Find the change in the internal energy of the system in each of situation in Column I.
$\begin{array}{cc}\text{Column I}& \text{Column II}\\ \text{i. A system absorbs}500\text{cal of heat and}& a.-5000J\\ \text{at the same time does}400J\text{of work}& \\ \text{ii. A system absorbs}300\text{cal and at the}& b.1692J\\ \text{same time}420J\text{of work is done on it}& \\ \text{iii.
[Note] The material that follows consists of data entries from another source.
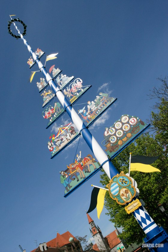 MAY 2006 – The traditional Maibaum (May Tree) marks the center of the Viktualienmarkt in Munich, Germany. Photo © by … More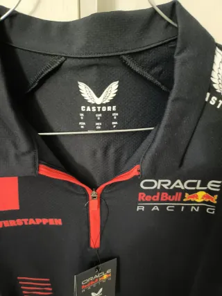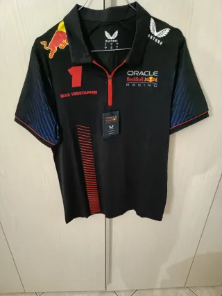 Maglia polo da uomo Red Bull Racing. - Colore nero con dettagli rossi e blu. - Logo Red Bull Racing e Oracle sul petto. - Numero 1 e nome Max Verstappen stampati sul davanti. - Logo Castore sul colletto e sulle maniche.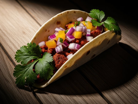 Detailed view of a vibrant taco with various ingredients on a wooden table, A colorful and overflowing taco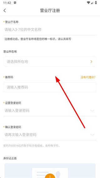 4、在注册页面,依次填写营业厅名称、营业所在地、推荐码、登录密码并确认,上传身份证正面完成注册。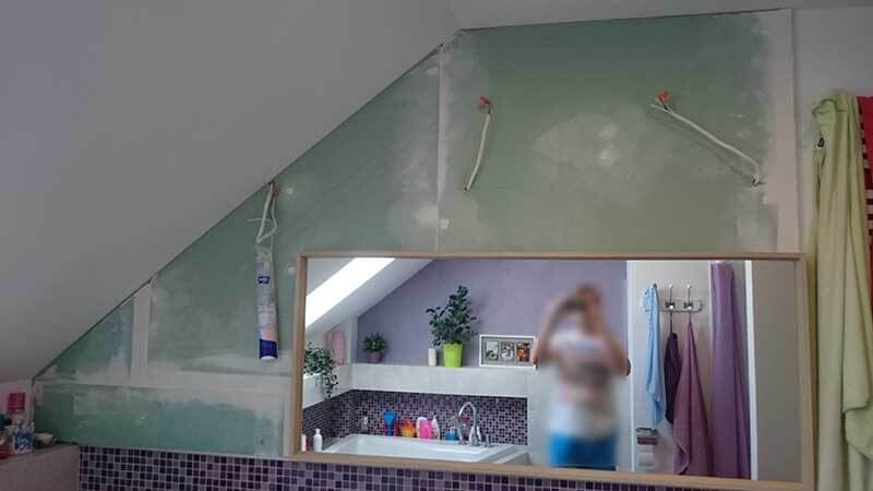1. Łazienka mała – lustro szer 1,80m, wys 1,40m, montaż na całej ścianie widocznej na zdjęciu (tynk maszynowy)
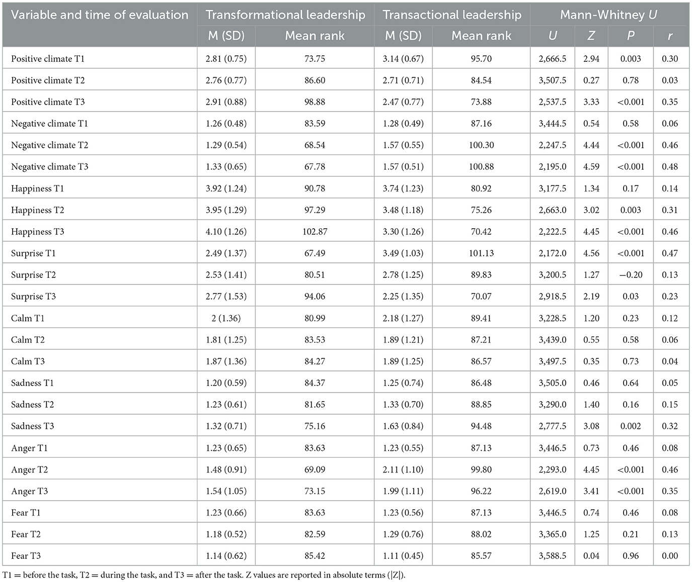 Table 2. Differences in emotional climate between leadership styles by time of evaluation (Mann–Whitney U; N = 93).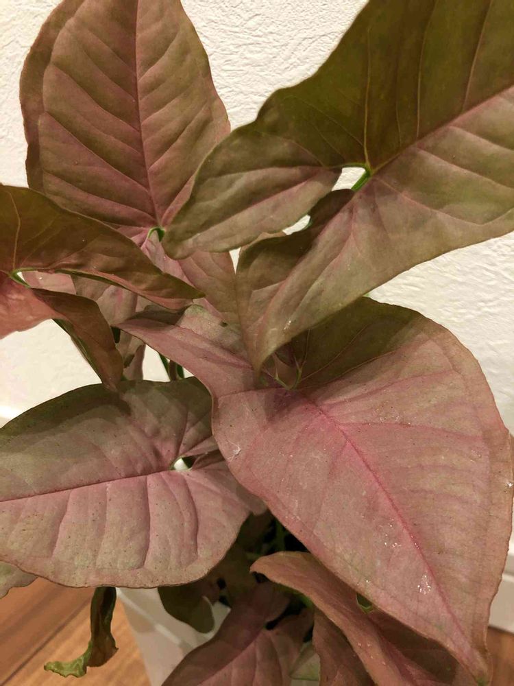 シンゴニウムの優しいピンクに惹かれて我が家にお迎えしました。

Twelve hundred calories heat is removed}& c.1680J\\ \text{from a gas held at constant volume}& \end{array}$

• A. i-b, ii-c, iii-a
• B. i-c, ii-b, iii-a
• C. i-b, ii-a, iii-a
• D. i-b, ii-a, iii-c

Answer 1

The correct option is A i-b, ii-c, iii-a

$i\to b.;ii\to c.;iii\to a.$
$i.dQ=dU+dw$
Here
$dQ=+\frac{500\times 4184}{1000}J=2092J$
$dW=+400J$. Since the work is done by the system,
$dU=dQ-dW=2092-400=1692J$
$ii.\Delta U=\Delta Q-\Delta W=\left(300\right)\left(4.184\right)-(-420)=1680J$ (approx).
$iii.\Delta U=(\Delta Q-\Delta W)=(-1200)\left(4.184\right)-0=-5000J$
(Note that $\Delta Q$ is positive when heat is added to the system and $\Delta W$ is positive when the system does the work)

Why this question? Caution: Conversion of calories to joules and vice versa is important and should be remembered.